WHAT IS EXPECTED: Excluding pictures, what does the listing below contain from the line with "D’où l’importance clé" up to and including the line with "Pro Mark 5B", word for word?

DATA SUPPLIED:
____________________

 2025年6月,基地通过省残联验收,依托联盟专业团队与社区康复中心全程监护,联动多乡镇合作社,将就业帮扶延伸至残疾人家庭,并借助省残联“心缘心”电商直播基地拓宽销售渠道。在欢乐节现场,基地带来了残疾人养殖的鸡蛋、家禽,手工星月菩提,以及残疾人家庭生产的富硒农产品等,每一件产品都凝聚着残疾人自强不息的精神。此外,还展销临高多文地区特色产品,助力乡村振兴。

____________________

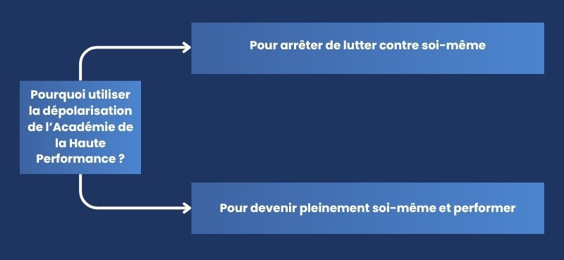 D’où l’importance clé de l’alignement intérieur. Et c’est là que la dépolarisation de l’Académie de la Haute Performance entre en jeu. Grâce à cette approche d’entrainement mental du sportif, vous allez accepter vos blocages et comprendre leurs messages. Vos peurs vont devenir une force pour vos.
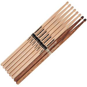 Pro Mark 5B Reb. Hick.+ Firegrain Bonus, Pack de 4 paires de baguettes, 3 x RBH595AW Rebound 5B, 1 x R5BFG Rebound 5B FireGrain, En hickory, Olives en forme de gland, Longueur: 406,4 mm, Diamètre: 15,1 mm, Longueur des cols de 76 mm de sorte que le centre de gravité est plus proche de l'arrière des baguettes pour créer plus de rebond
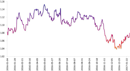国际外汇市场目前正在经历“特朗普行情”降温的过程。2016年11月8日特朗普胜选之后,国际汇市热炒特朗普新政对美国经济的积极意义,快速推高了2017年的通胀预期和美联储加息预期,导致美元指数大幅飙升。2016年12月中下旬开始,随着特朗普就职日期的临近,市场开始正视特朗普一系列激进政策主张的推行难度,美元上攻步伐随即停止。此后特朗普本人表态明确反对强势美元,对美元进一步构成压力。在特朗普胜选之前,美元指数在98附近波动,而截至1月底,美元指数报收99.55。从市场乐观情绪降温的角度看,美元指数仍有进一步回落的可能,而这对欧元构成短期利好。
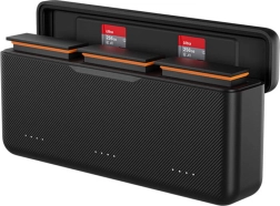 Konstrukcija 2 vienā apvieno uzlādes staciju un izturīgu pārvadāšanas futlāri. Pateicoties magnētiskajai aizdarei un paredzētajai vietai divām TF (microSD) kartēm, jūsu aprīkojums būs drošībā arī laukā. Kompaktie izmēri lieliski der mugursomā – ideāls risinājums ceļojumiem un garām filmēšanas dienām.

____________________

RESULT OF THE TASK:
 D’où l’importance clé de l’alignement intérieur. Et c’est là que la dépolarisation de l’Académie de la Haute Performance entre en jeu. Grâce à cette approche d’entrainement mental du sportif, vous allez accepter vos blocages et comprendre leurs messages. Vos peurs vont devenir une force pour vos.
 Pro Mark 5B Reb. Hick.+ Firegrain Bonus, Pack de 4 paires de baguettes, 3 x RBH595AW Rebound 5B, 1 x R5BFG Rebound 5B FireGrain, En hickory, Olives en forme de gland, Longueur: 406,4 mm, Diamètre: 15,1 mm, Longueur des cols de 76 mm de sorte que le centre de gravité est plus proche de l'arrière des baguettes pour créer plus de rebond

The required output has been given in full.